**DATA UNDER STUDY**
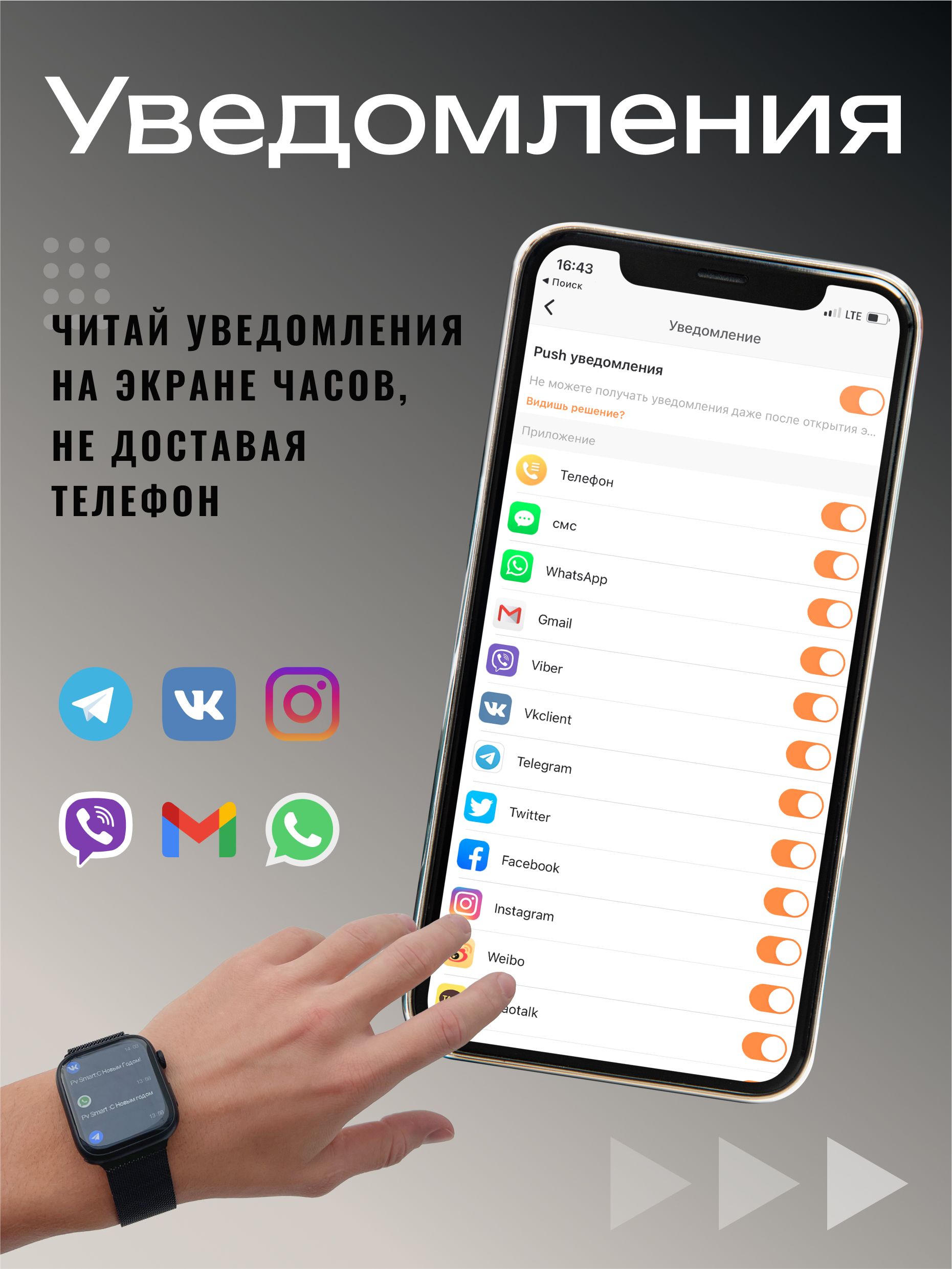 Оповещения Уведомления звонков и сообщений из социальный сетей
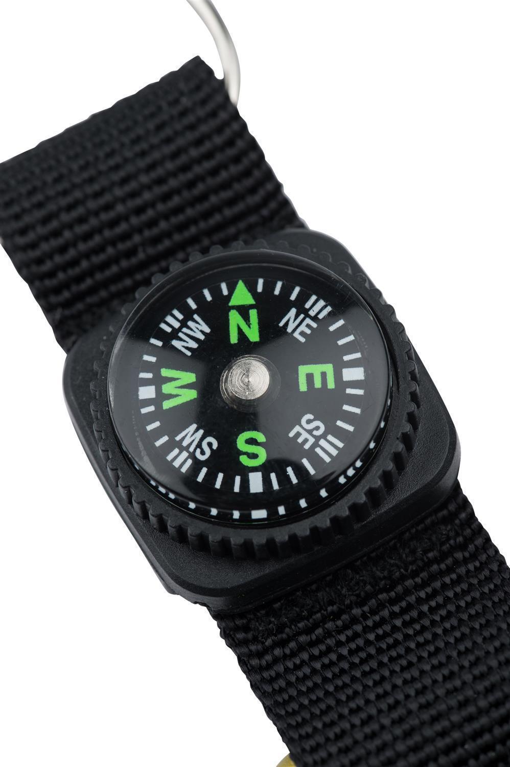 Einfach den Karabiner an gewünschter Stelle einhaken – ob am Schlüsselbund, Trekking-Rucksack oder Zelt. Der Kompass unterstützt bei der groben Orientierung auf Wanderwegen oder im Gelände.
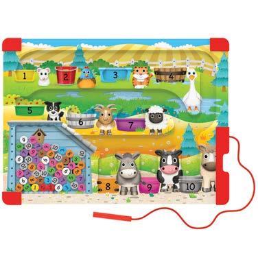 Learn the numbers 1 through 10 by using your magnetic pen and placing all the corresponding-colored number pieces to their proper numbered bins.
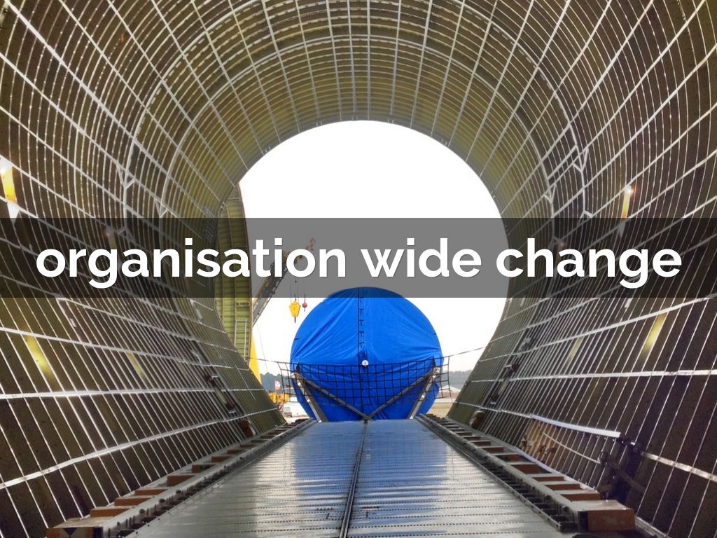 Organization-wide change could be a major restructuring, collaboration or “rightsizing.” organizations usually undergo organization-wide change to evolve to a different level in their life cycle that is, changing from a highly reactive, entrepreneurial organization to an organization that has a more stable and planned development
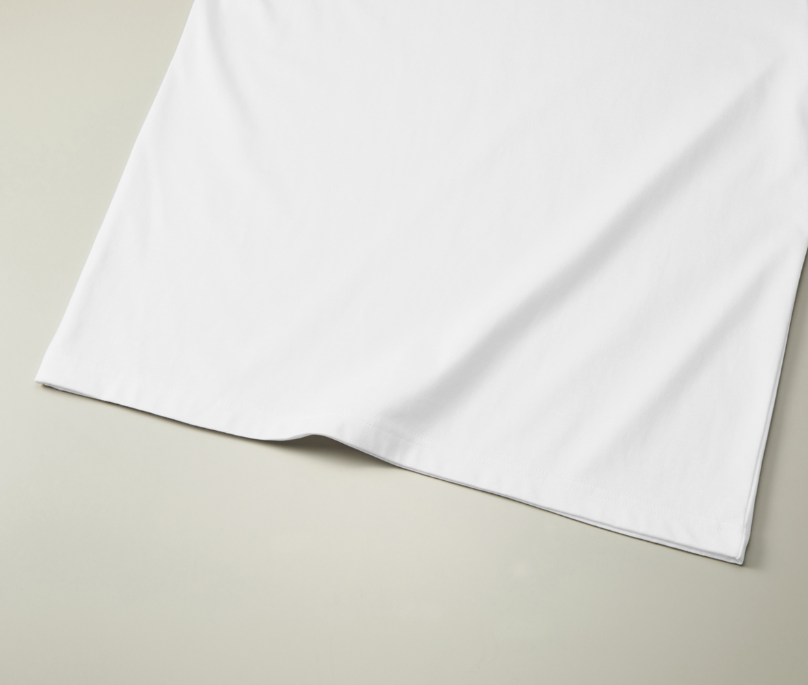 肌に触れた瞬間、ひんやりとした冷たさを感じられる接触冷感Tシャツ。綿とナイロンの交編によるダブルフェイス地を採用しており、ナイロンが持つ冷感と特殊な加工によって実現した“ひんやり感”は、一度着ればやみつきに。街着として日常的に着ることができるよう、表糸に綿糸を使用することでナイロン特有の光沢感をおさえ、綿100%Tシャツのようなナチュラルな風合いに仕上げています。裏地はメッシュ構造で肌離れが良く、汗を吸収し拡散する“吸水速乾性”も持ち合わせたすぐれもの。もちろんプリント加工も可能なので、機能的で特別なアイテムを制作したい方にぴったりです。これ一着あれば、猛暑をさらりと乗り切れること間違いなし。
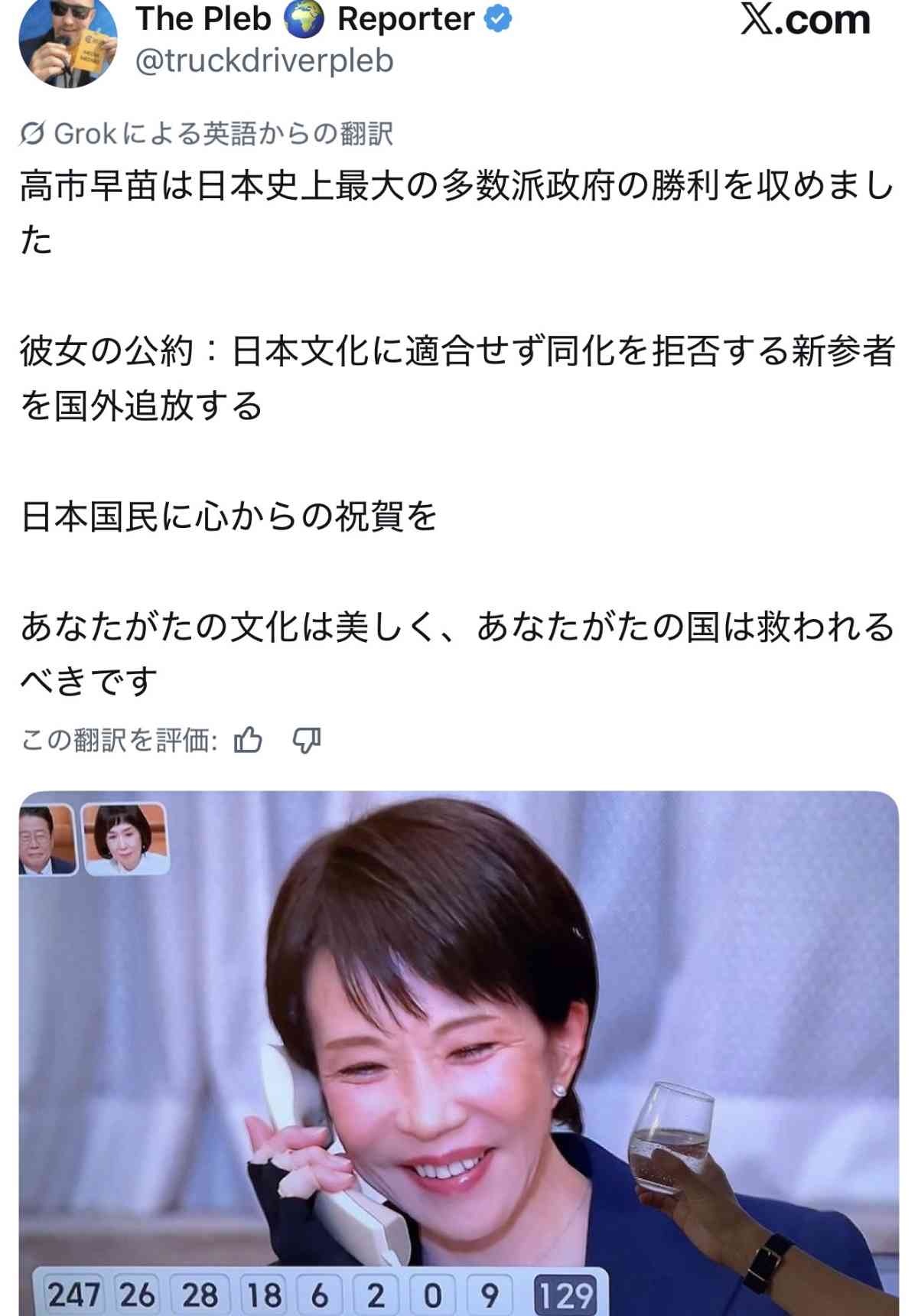 - 高市は移民関連に関しては徹底したホークピジョンやからな

**EXERCISE REQUIREMENTS**
Without including any pictures, reproduce the data exactly.

**THE ANSWER**
 Оповещения Уведомления звонков и сообщений из социальный сетей
 Einfach den Karabiner an gewünschter Stelle einhaken – ob am Schlüsselbund, Trekking-Rucksack oder Zelt. Der Kompass unterstützt bei der groben Orientierung auf Wanderwegen oder im Gelände.
 Learn the numbers 1 through 10 by using your magnetic pen and placing all the corresponding-colored number pieces to their proper numbered bins.
 Organization-wide change could be a major restructuring, collaboration or “rightsizing.” organizations usually undergo organization-wide change to evolve to a different level in their life cycle that is, changing from a highly reactive, entrepreneurial organization to an organization that has a more stable and planned development
 肌に触れた瞬間、ひんやりとした冷たさを感じられる接触冷感Tシャツ。綿とナイロンの交編によるダブルフェイス地を採用しており、ナイロンが持つ冷感と特殊な加工によって実現した“ひんやり感”は、一度着ればやみつきに。街着として日常的に着ることができるよう、表糸に綿糸を使用することでナイロン特有の光沢感をおさえ、綿100%Tシャツのようなナチュラルな風合いに仕上げています。裏地はメッシュ構造で肌離れが良く、汗を吸収し拡散する“吸水速乾性”も持ち合わせたすぐれもの。もちろんプリント加工も可能なので、機能的で特別なアイテムを制作したい方にぴったりです。これ一着あれば、猛暑をさらりと乗り切れること間違いなし。
 - 高市は移民関連に関しては徹底したホークピジョンやからな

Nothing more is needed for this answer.